Search      Help    Register    Login    Home
Home » Modeling » TMF (Xtext) » Supporting unquoted string with spaces
Supporting unquoted string with spaces [message #1639487] Fri, 27 February 2015 17:10 Go to next message
Luis De Bello is currently offline Luis De BelloFriend
Messages: 95
Registered: January 2015
Member
Hi guys,

I am trying to support unquoted strings with spaces so I have built this grammar.

/*
* Document
*/
Document:
name=UNQUOTED_STRING;

/*
* Terminals
*/
terminal WS:
(' ' | '\t')+;

terminal EOL:
LINE_BREAK;

terminal UNQUOTED_STRING:
!NON_QUOTED_STRING_START -> NON_QUOTED_STRING_END;

terminal fragment LINE_BREAK:
('\r' | '\n');

terminal fragment NON_QUOTED_STRING_START:
'"'|"'"|'0'..'9'|'!'|'#'|'$'|'('|')'|'*'|'+'|','|'-'|'.'|'/'|':'|'<'|'='|'>'|'?'|'['|']'|'{'|'}'|'|'|'%'|'^'|'@'|'\r'|'\n'|' '|'\t';

terminal fragment NON_QUOTED_STRING_END:
('!'|'#'|'$'|'('|')'|'*'|','|'.'|'/'|':'|'<'|'='|'>'|'?'|'['|']'|'{'|'}'|'|'|'%'|'^'|'\r'|'\n');

And then I tested the lexer using the following code:

InternalMyDslLexer lexer = new InternalMyDslLexer(new ANTLRStringStream("Data"));

Token token = lexer.nextToken();
while (token.getType() != -1) {
System.out.println(token);
token = lexer.nextToken();
}

The lexer is not able to parse my string however depending on the input it works ok:

Inputs:
Data --> Does not work
Data with spaces --> Works ok
Data\n --> Works ok

Do you have any idea why my lexer is not able to parse the first input which is a single word

Thanks in advance.

Regards,
Luis
Re: Supporting unquoted string with spaces [message #1644143 is a reply to message #1639487] Sun, 01 March 2015 23:35 Go to previous messageGo to next message
Luis De Bello is currently offline Luis De BelloFriend
Messages: 95
Registered: January 2015
Member
Hi guys,

I am replying to my own answer ,maybe this can be useful to others. I was able to support unquoted string with spaces, using a custom lexer, I enclose my terminals in Xtext and the portion of code of my lexer

Xtext file:
terminal UNQUOTED_STRING:
!NON_QUOTED_STRING_START !(NON_QUOTED_STRING_END)*;

terminal fragment NON_QUOTED_STRING_START:
'"'|"'"|'0'..'9'|'!'|'#'|'$'|'('|')'|'*'|'+'|','|'-'|'.'|'/'|':'|'<'|'='|'>'|'?'|'['|']'|'{'|'}'|'|'|'%'|'^'|'@'|'\r'|'\n'|' '|'\t';

terminal fragment NON_QUOTED_STRING_END:
('!'|'#'|'$'|'('|')'|'*'|','|'.'|'/'|':'|'<'|'='|'>'|'?'|'['|']'|'{'|'}'|'|'|'%'|'^'|'\r'|'\n');

Lexer grammar:
RULE_UNQUOTED_STRING : {!isKeyword()}?=> ~(RULE_NON_QUOTED_STRING_START) ({!isIsolatedKeyword()}?=> ~(RULE_NON_QUOTED_STRING_END))*;

The isKeyword and isIsolatedKeyword are two methods implement to check for keywords using lookahead functionality it will depend on each implementation.
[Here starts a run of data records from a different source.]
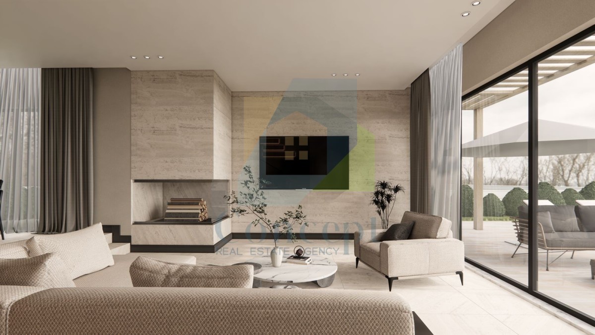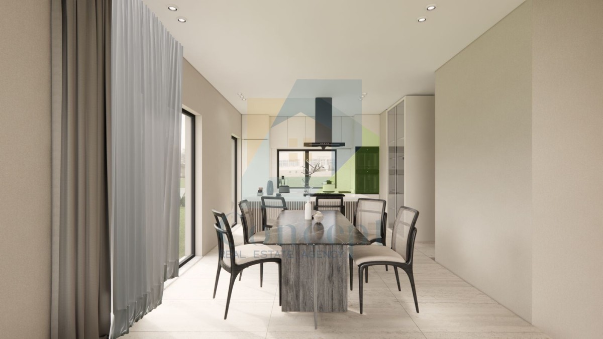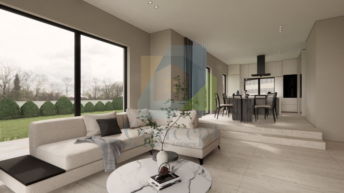 Hiša se razteza na dveh etažah in ima neto površino 156,5 m². Pritličje obsega vhodno hodnik, prostoren dnevni prostor s kuhinjo in jedilnico, shrambo in stranišče. Iz dnevnega dela se izide v dvorišče površine 300 m², kjer se nahaja ogrevani bazen dimenzij 8 × 5,5 m, prav tako pa tudi prostor za bivanje na prostem.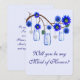 O dia perfeito de todas as noivas inclui suas amigas. Quem você confia para dar um discurso e realizar tarefas como ajudá-la a escolher os vestidos das damas de honra para que o plano do seu casamento ocorra sem problemas? Seja sua irmã responsável, prima, sobrinha ou melhor amiga, este convite "Você será minha Dama de Honra" é uma maneira divertida de perguntar. Personalize o cartão alterando o texto nos campos fornecidos. Você pode alterar o estilo, tamanho e cor da fonte, tipo e estilo de papel, bem como a cor do fundo.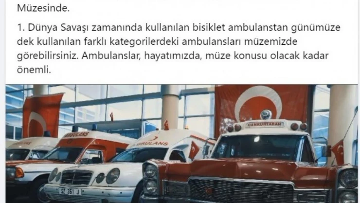 Sağlık Bakanı Fahrettin Koca, Bursa İnegöl Devlet Hastanesi’nde bulunan Ambulans Müzesi’ni paylaşarak; “Ambulanslar, hayatımızda, müze konusu olacak kadar önemli.” ifadelerini kullandı.

I hope this will be useful for others also ,you will need to split lexer and parser using the a fragment because text by default use a lexer/parser in the same file.

Regards,
Luis
Re: Supporting unquoted string with spaces [message #1644862 is a reply to message #1644143] Mon, 02 March 2015 07:53 Go to previous messageGo to next message
Ed Willink is currently offline Ed WillinkFriend
Messages: 7655
Registered: July 2009
Senior Member
Hi

Seems interesting. I nearly replied to your original message suggesting
that using Xtext for a lexing problem was crazy, but you seem to have a
new way of using Xtext that I do not understand.

Please elaborate on "you will need to split lexer and parser using the a
fragment because text by default use a lexer/parser in the same file".
I'm only aware of grammar splitting by the grammar...with... daisy
chain. I'm not sure which fragment you refer to: both of the existing
AntlrGeneratorFragments, your custom fragment or ...

Regards

Ed Willink


On 01/03/2015 23:35, Luis De Bello wrote:
> Hi guys,
>
> I am replying to my own answer ,maybe this can be useful to others. I
> was able to support unquoted string with spaces, using a custom lexer,
> I enclose my terminals in Xtext and the portion of code of my lexer
>
> Xtext file:
> terminal UNQUOTED_STRING:
> !NON_QUOTED_STRING_START !(NON_QUOTED_STRING_END)*;
>
> terminal fragment NON_QUOTED_STRING_START:
> '"'|"'"|'0'..'9'|'!'|'#'|'$'|'('|')'|'*'|'+'|','|'-'|'.'|'/'|':'|'<'|'='|'>'|'?'|'['|']'|'{'|'}'|'|'|'%'|'^'|'@'|'\r'|'\n'|'
> '|'\t';
>
> terminal fragment NON_QUOTED_STRING_END:
> ('!'|'#'|'$'|'('|')'|'*'|','|'.'|'/'|':'|'<'|'='|'>'|'?'|'['|']'|'{'|'}'|'|'|'%'|'^'|'\r'|'\n');
>
>
> Lexer grammar:
> RULE_UNQUOTED_STRING : {!isKeyword()}?=>
> ~(RULE_NON_QUOTED_STRING_START) ({!isIsolatedKeyword()}?=>
> ~(RULE_NON_QUOTED_STRING_END))*;
>
> The isKeyword and isIsolatedKeyword are two methods implement to check
> for keywords using lookahead functionality it will depend on each
> implementation.
>
> I hope this will be useful for others also ,you will need to split
> lexer and parser using the a fragment because text by default use a
> lexer/parser in the same file.
>
> Regards,
> Luis
Re: Supporting unquoted string with spaces [message #1647584 is a reply to message #1644862] Tue, 03 March 2015 14:05 Go to previous message
Luis De Bello is currently offline Luis De BelloFriend
Messages: 95
Registered: January 2015
Member
Hi Ed,

I tried to say that you will need to use a fragment which is provided by Xtext to split the lexer and parser grammar.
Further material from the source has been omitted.